For a side-by-side comparison of reasoning vs. non-reasoning models, check our reasoning model rankings and non-reasoning rankings.

Beyond text: vision, embedding, and fine-tuning costs

Token pricing for text generation is just one piece of the cost puzzle. If you're building production AI applications, you'll likely encounter these adjacent costs too.

Vision / image input pricing

Multimodal models can process images as input. How they charge varies by provider:

Claude and Gemini charge image inputs at the same per-token rate as text. Images are converted to tokens — roughly 1,334 tokens per 1000×1000px image for Claude, ~258 tokens per image for Gemini. This makes vision relatively cheap on these platforms.
OpenAI uses dedicated image model variants (like GPT-5 Image) with higher per-token rates — typically 4-8x the text input price.

Bottom line: If vision is a core part of your pipeline, Claude and Gemini are significantly cheaper for image processing. For occasional image analysis, the cost difference is negligible.

Embedding model pricing

Embeddings power search, RAG pipelines, and similarity matching. They're dramatically cheaper than text generation — typically $0.02-$0.20 per million tokens:

Model	$/M tokens
OpenAI text-embedding-3-small	$0.02
Voyage AI voyage-4-lite	$0.02
Voyage AI voyage-4	$0.06
OpenAI text-embedding-3-large	$0.13
Google Gemini Embedding 001	$0.15

Embedding costs are usually a rounding error compared to generation costs. For a RAG application doing 10,000 queries/day with 500 tokens per query, embedding costs would be ~$0.30/month with text-embedding-3-small. The generation step is where the real cost lives.

Fine-tuning costs

Fine-tuning lets you customize a model on your own data. It has two cost components:

Training cost: Charged per million tokens in your training dataset × number of epochs. OpenAI charges $3-$25/M tokens depending on the model (GPT-4o mini: $3/M, GPT-4o: $25/M).
Inference cost: Fine-tuned models typically cost 1.5-2x the base model's inference price.

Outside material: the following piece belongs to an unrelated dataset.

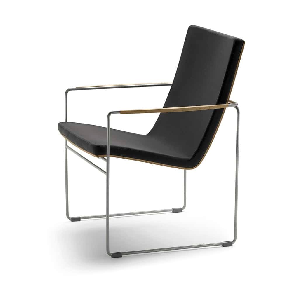 כורסת לאונג' מבית המותג Sellex, מתאימה לסביבות אירוח, אזורי המתנה ולובאים. הכורסה עשויה מעץ מכופף ועליו ריפוד דמוי עור במגוון צבעים, המסגרת מנירוסטה דקה. הסדרה כוללת כיסא אורח.

Fine-tuning makes economic sense when it lets you use a smaller, cheaper model to achieve the quality of a larger one — or when you need specialized behavior that no amount of prompting can achieve. For most use cases, prompt engineering and few-shot examples are more cost-effective.

How to estimate costs for your use case

The basic formula:

Monthly cost = (avg input tokens × input price / 1M + avg output tokens × output price / 1M) × requests per month

Example 1: Customer support chatbot

Let's say you're building a chatbot that handles 1,000 conversations per day:

Average system prompt + context: 800 tokens (input)
Average user message: 200 tokens (input)
Average bot response: 300 tokens (output)
Conversations per day: 1,000

With GPT-5.4 ($2.50 input / $15.00 output per M tokens):

Daily input cost: 1,000 × 1,000 tokens × $2.50 / 1M = $2.50
Daily output cost: 1,000 × 300 tokens × $15.00 / 1M = $4.50
Monthly: ~$210

With DeepSeek V3 ($0.27 input / $1.10 output per M tokens):

Daily input cost: 1,000 × 1,000 × $0.27 / 1M = $0.27
Daily output cost: 1,000 × 300 × $1.10 / 1M = $0.33
Monthly: ~$18

That's a 12x cost difference for the same workload. Whether the quality difference justifies it depends on your use case.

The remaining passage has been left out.